───── ENTRIES PROVIDED ─────
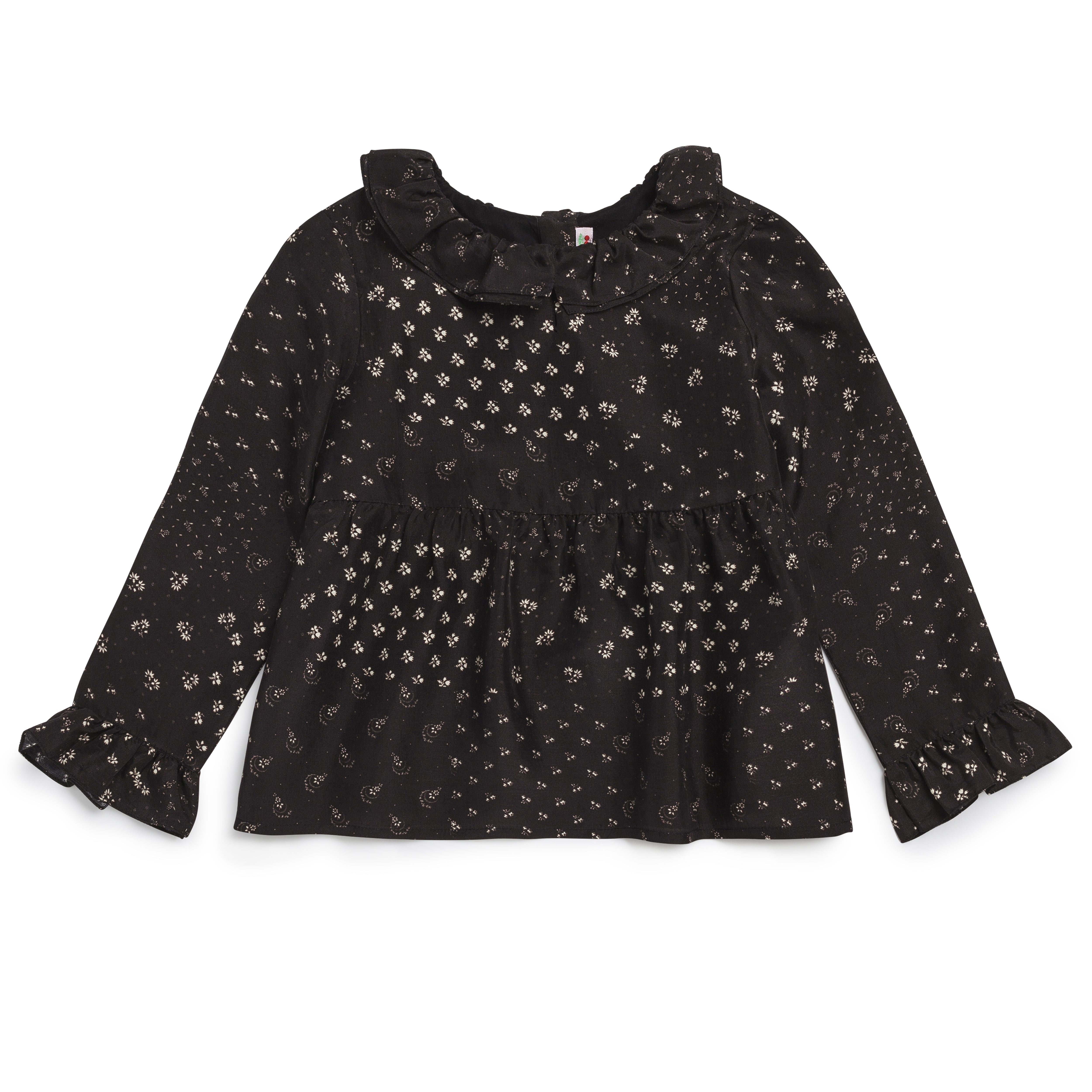 Blouse en soie imprimée, col et bas de manches volantés, boutonnage dos. Collection Fille Hiver 2O18.
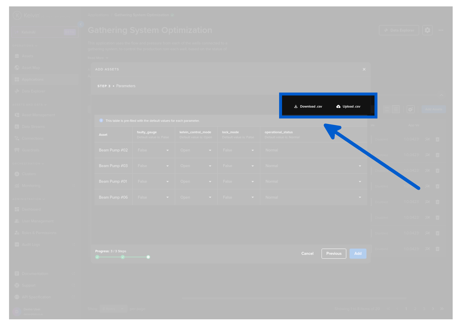 If you are adding many Assets, you can download the App Parameter list to you computer and edit them in Google Sheets or Microsoft Excel.
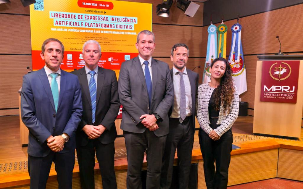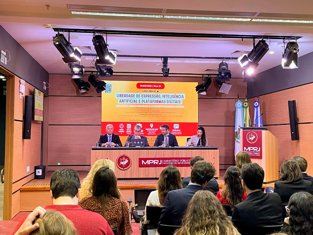 O Ministério Público do Estado do Rio de Janeiro, por meio da Assessoria Internacional e do Instituto de Educação Roberto Bernardes Barroso (IERBB/MPRJ), realizou, na segunda-feira (18/08), o curso híbrido “Liberdade de expressão, inteligência artificial e plataformas digitais: uma análise jurídica comparada à luz do Direito brasileiro e espanhol”. O evento, realizado no auditório Procuradora de Justiça Vera de Souza Leite, reuniu especialistas para debater a influência que as novas tecnologias têm exercido na sociedade ao redor do mundo.
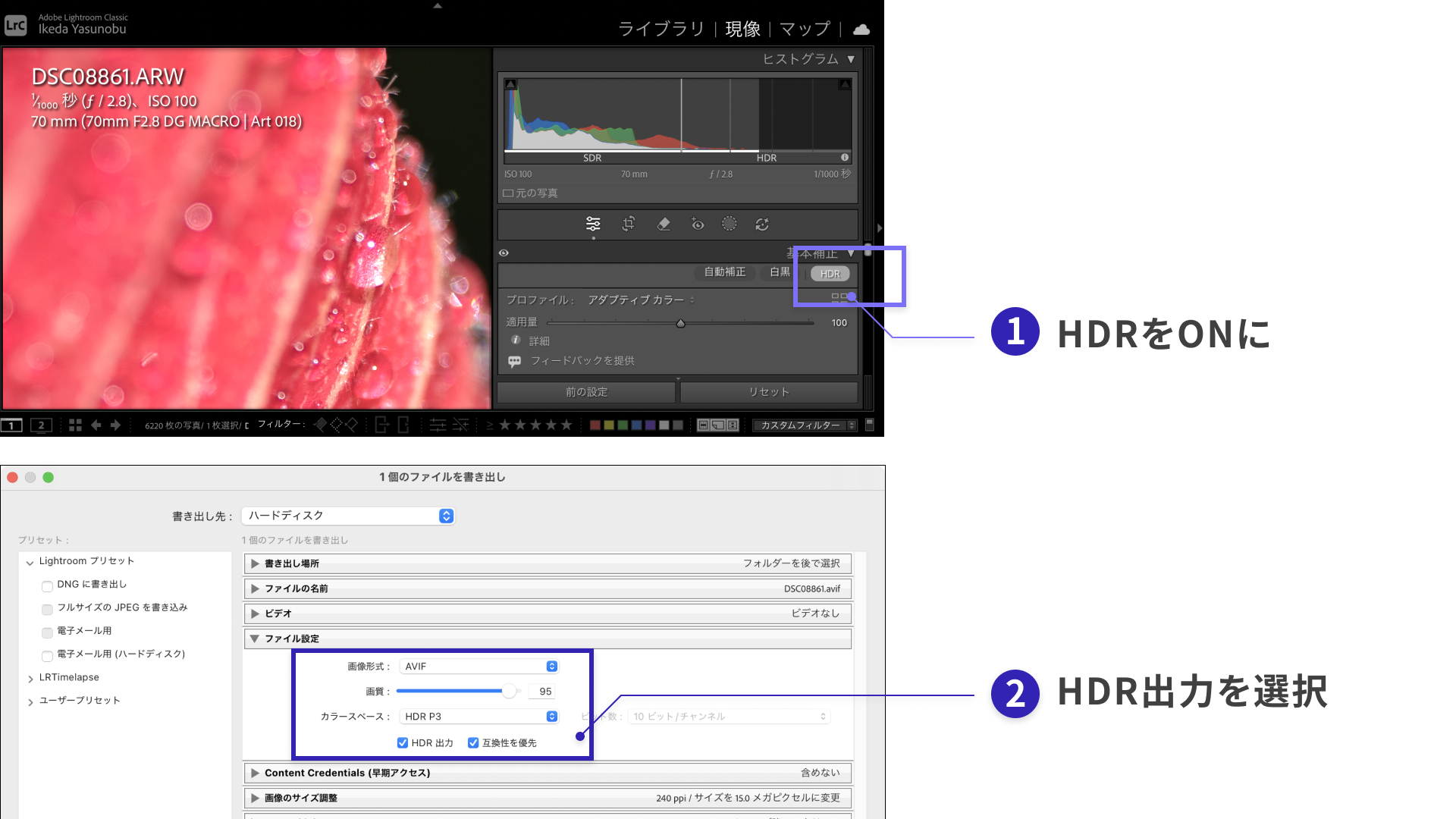 Adobe Lightroom Classicでは、現像モジュールの[基本補正]にある[HDR]を有効にすると、ヒストグラムや各パラメーターがHDR編集向けに切り替わります。書き出し時は[ファイル設定]でAVIFやJPEGなどの形式を選び、[HDR出力]をオンにして保存します。
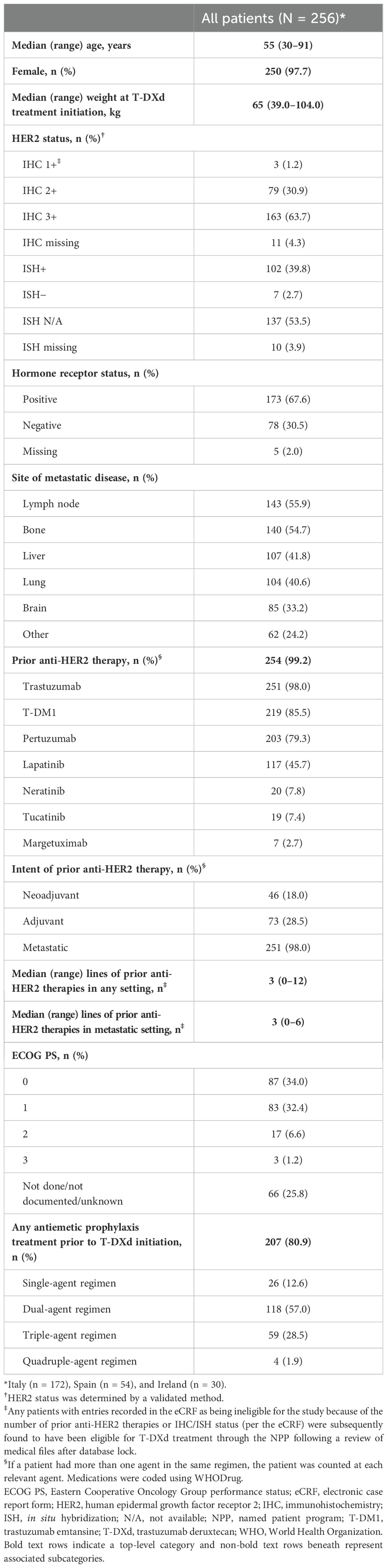 Between November 22, 2022, and December 1, 2023, 20 centers in three countries enrolled 256 patients in total in the EUROPA T-DXd study (Italy, n = 172; Spain, n = 54; and Ireland, n = 30), as summarized in Figure 1. All enrolled patients received T-DXd under the NPP.
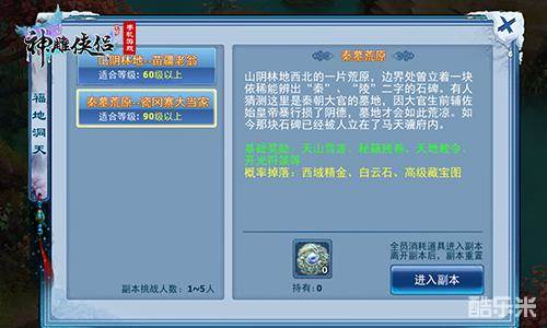 《神雕侠侣》手游新资料片“江湖秘藏”还将推出新副本福地洞天,大侠们可单人或组队进入。进入福地洞天无需固定时间,只要向福地洞天密使交付所需道具即可。大侠们可以根据自己的安排,选择合适的时间。本次福地洞天开放60级难度副本“山阴林地”与90级难度副本“秦墓荒原”,后续还将开放多处宝地,敬请期待哦!
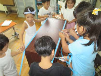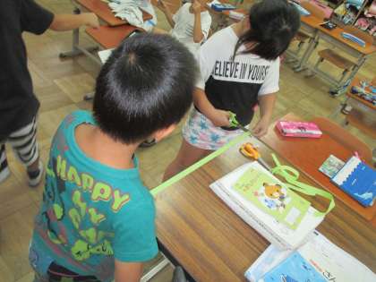 算数の学習で長さ比べをしました。給食台とオルガンは,どちらが長いのか,という問題を,ものさしを使わずに調べました。紙テープで片方の長さを調べ,もう片方の長さにその紙テープをあてて比べるという方法で調べます。みんな楽しみながら活動できました。
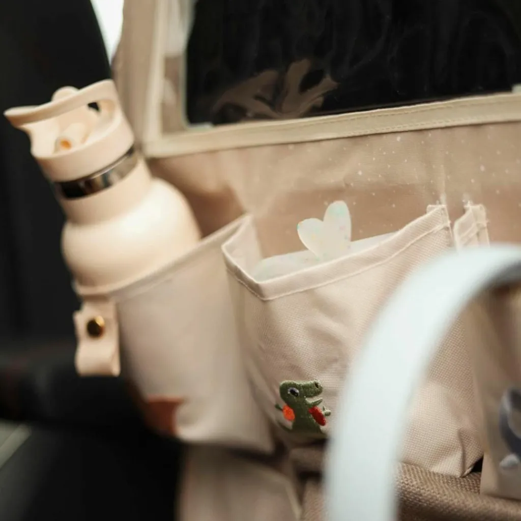 – Filet en maille, support pour tablette, trois poches et sangle pour écouteurs.
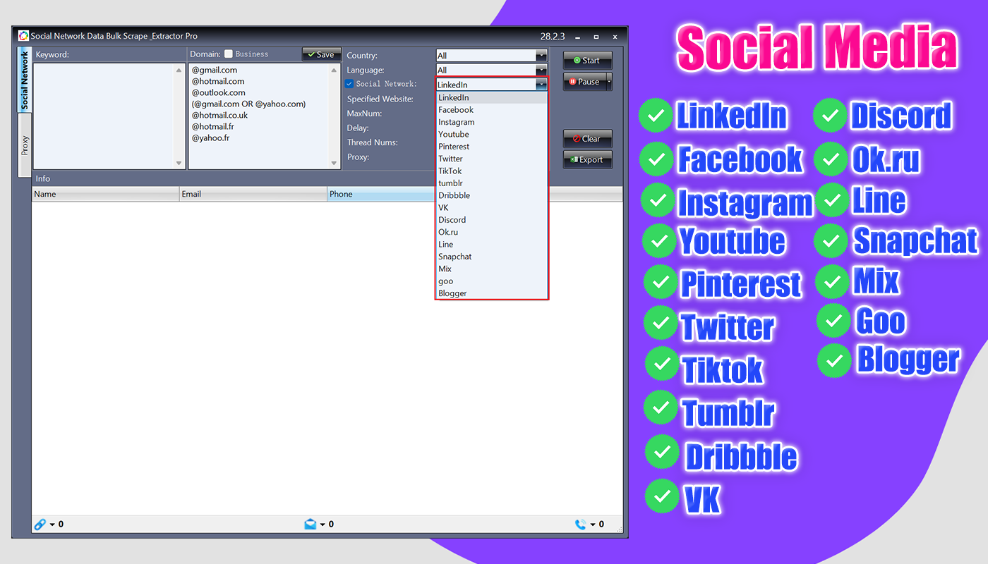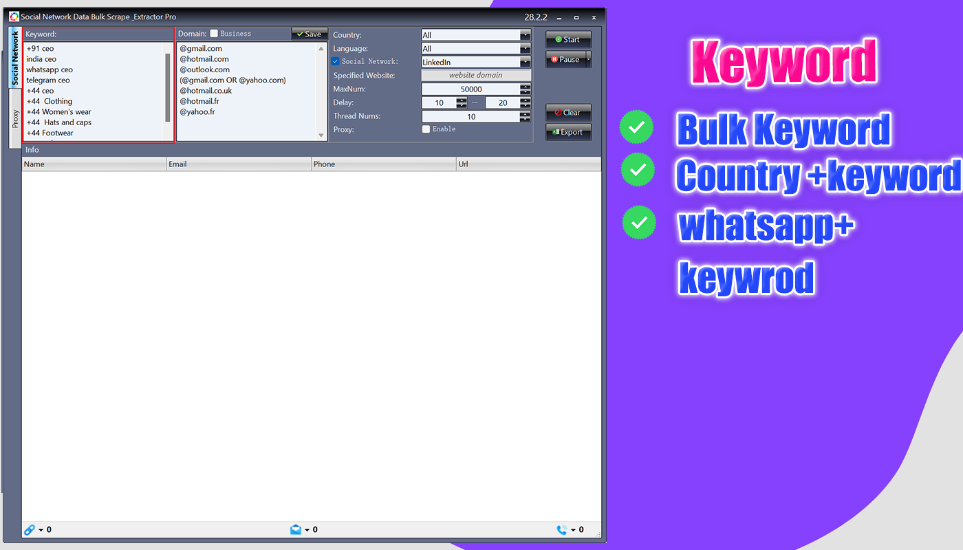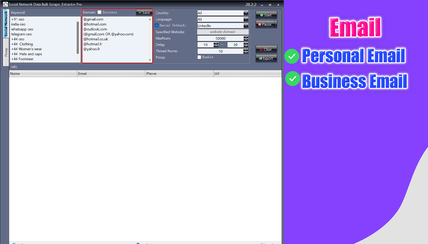 • Flexible Export Options: Save your gathered data into CSV or TXT formats for easy integration with your CRM or email marketing platforms.
─────
**ABOUT THIS EXERCISE**
Write out exactly the lines from the one that contains "sangle pour écouteurs." through the last line of the data above, both included. Leave every picture out.

**EXERCISE ANSWER**
 – Filet en maille, support pour tablette, trois poches et sangle pour écouteurs.
 • Flexible Export Options: Save your gathered data into CSV or TXT formats for easy integration with your CRM or email marketing platforms.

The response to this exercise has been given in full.